**What to do:** Take the line containing "В прошедшем матче" and every line after it to the end of the records, and copy them exactly, excluding pictures.

**Input data:**
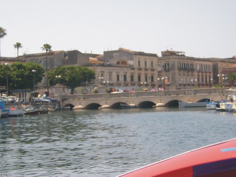 Ortygia Island Bridge or by water taxi, a
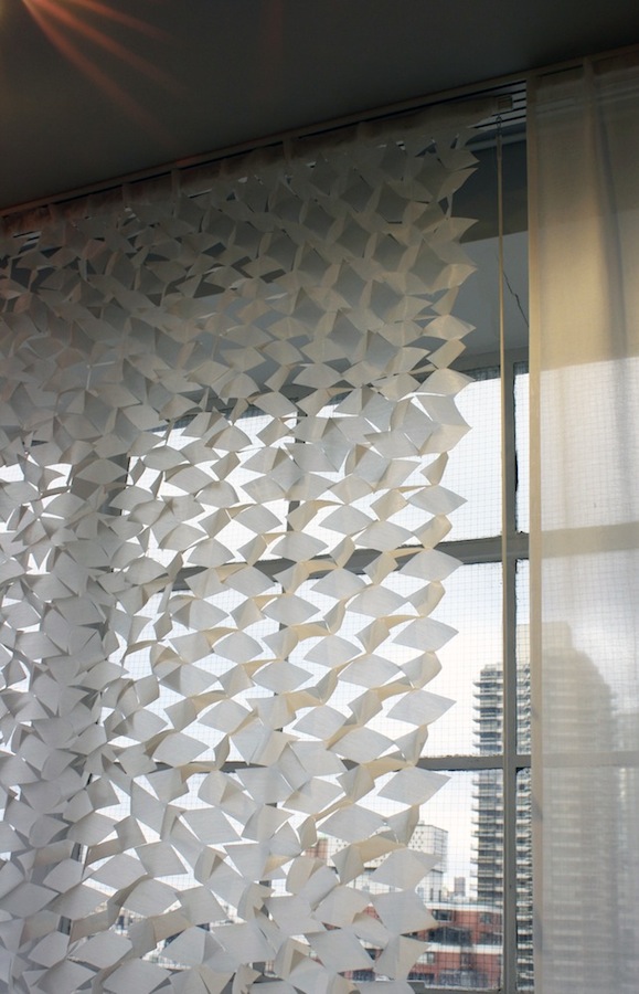 Energy is a new laser cut product that assumes a three-dimensional quality through the ingenious placing of silts, which, when suspended, result in vibrating shapes. The papery material lends the voluminous fabric a light and sculpturesque appearance.
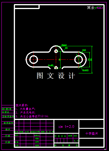 此零件属于垫片类,外形成十字形,因此叫十字垫片,从尺寸分析,满足复合模的要求,为了满足生产需求,可以选择复合模生产,计算模具的外形尺寸和刃口尺寸,绘制模具二维和三维图纸。
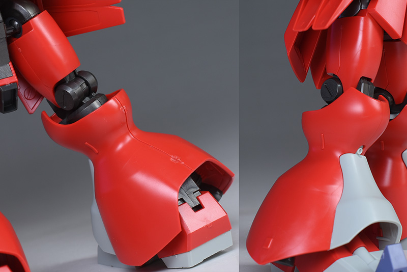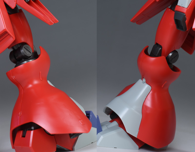大腿部は前後の組み合わせですが、側面の合わせ目はモールドっぽく造形。膝から下は左右と脛装甲の組み合わせで前面の膝に合わせ目ができます。合わせ目を消す場合は後ハメなどの加工が必要。なかなか厳しい部分に合わせ目がありますね;後部は段落ちモールド化されています。
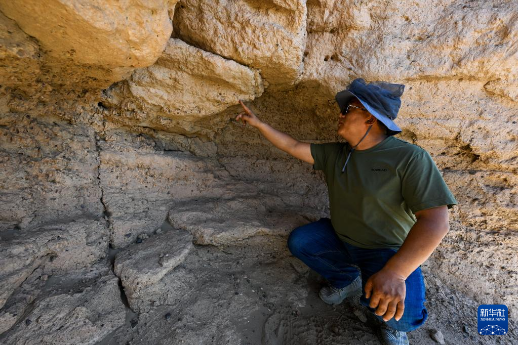 6月2日,額濟納旗文物保護中心工作人員在居延遺址附近查看散落的陶片。
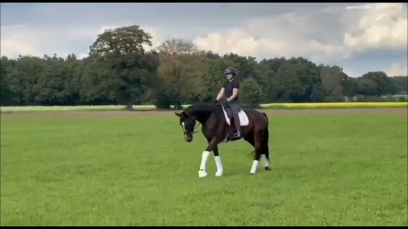Beautiful modern dressage/broodmare 2020 by Dancier Gold/Dr. Jackson/Fürste Heinrich/Rubinstein out of our premium mare DONNA RUBINA II (Elektia dam line) . First born in July so late broken and needs sure more time to show her true quality but nevertheless absolut amateur friendly, lovely and easy to ride. no time spooky and always willing to give her best. Great rideablitly with FEI potenzial and super sweet character. Uncomplicated in handling and by all other things. Has also fun to make a smal jump or to go outside riding. Also a highlight for breeding : Dam DONNA RUBINA II has made a very good mare performance test bevor she started her breeding cariere and she has 4 generations elitemares in her pedigree. So is her older full sister for example through her stunning offsprings already elitemare also. The grand dam is sister to licensed breeding stallion, PSG horses and more state premium/elitemares... The next generation is the full sister to Rohdiamant and Royal Diamond. It is the international very well known Elektia dam line. Sire Dance Gold has made a stunning stallion test and is this year winner of the qualification for the german horse championship with 9 for all his movements and is now successful up to highest dressage. Grand sire Dr. Jackson was 14 years under the top 1% of the breeding list and well known through the rideabiltiy from his offsprings. And on the end of the pedigree Fürst Wilhelm as Wold Champion. Located in Germany (Oldenburg)
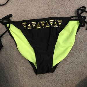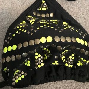 Florescent green/black/gray bikini. Top is padded with adjustable straps. TOP IS SIZE XL, BOTTOM IS SIZE M
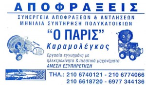 ΑΠΟΦΡΑΞΕΙΣ ΠΑΡΗΣ - ΚΑΡΑΜΟΛΕΓΚΟΣ ΝΙΚΟΛΑΟΣ ΠΑΡΑΣΚΕΥΑΣ
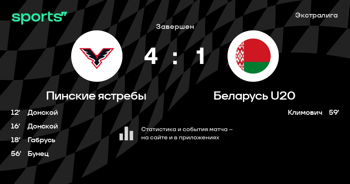 В прошедшем матче в рамках турнира Экстралига состоялась встреча команд Пинские ястребы - Беларусь U20 в городе Пинск (Беларусь) на стадионе Ледовый дворец спорта Пинск (вместимость - 598)
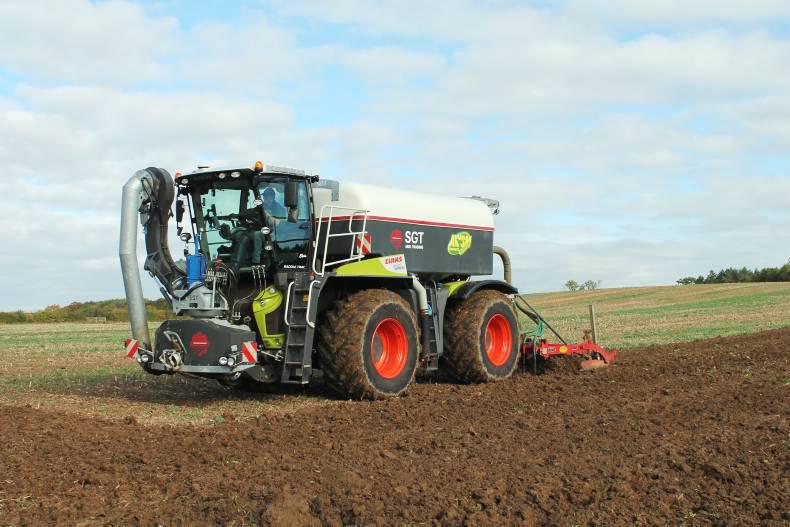 On the second Claas Saddle Trac 4000 was an SGT slurry tank system injecting liquid slurry in combination with a Sumo Trio cultivator. SGT is a German company specialising in trailed and mounted slurry equipment. It is now part of the Austrian Bauer group.
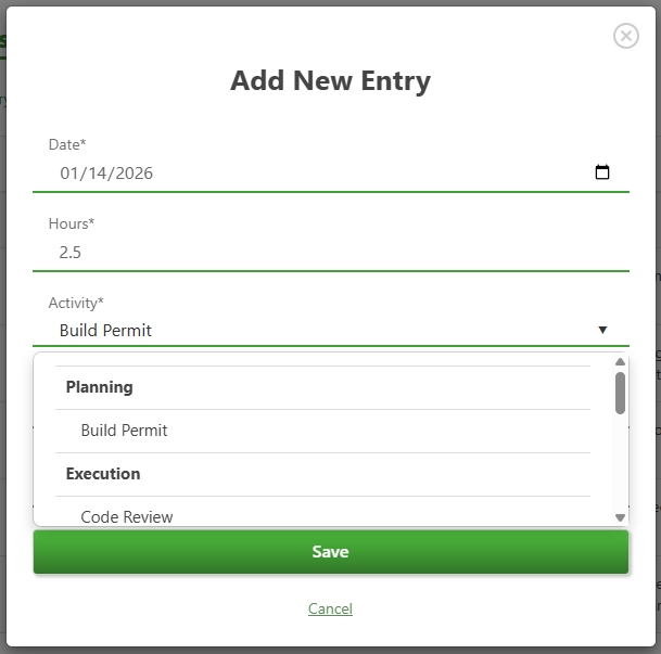 To add a new time entry, in our Online Portal go to the Time Entries page, stay in the My Entries view, click the Add New Entry button, complete the required fields (Date, Hours, Activity), and click Save.

**Expected output:**
 В прошедшем матче в рамках турнира Экстралига состоялась встреча команд Пинские ястребы - Беларусь U20 в городе Пинск (Беларусь) на стадионе Ледовый дворец спорта Пинск (вместимость - 598)
 On the second Claas Saddle Trac 4000 was an SGT slurry tank system injecting liquid slurry in combination with a Sumo Trio cultivator. SGT is a German company specialising in trailed and mounted slurry equipment. It is now part of the Austrian Bauer group.
 To add a new time entry, in our Online Portal go to the Time Entries page, stay in the My Entries view, click the Add New Entry button, complete the required fields (Date, Hours, Activity), and click Save.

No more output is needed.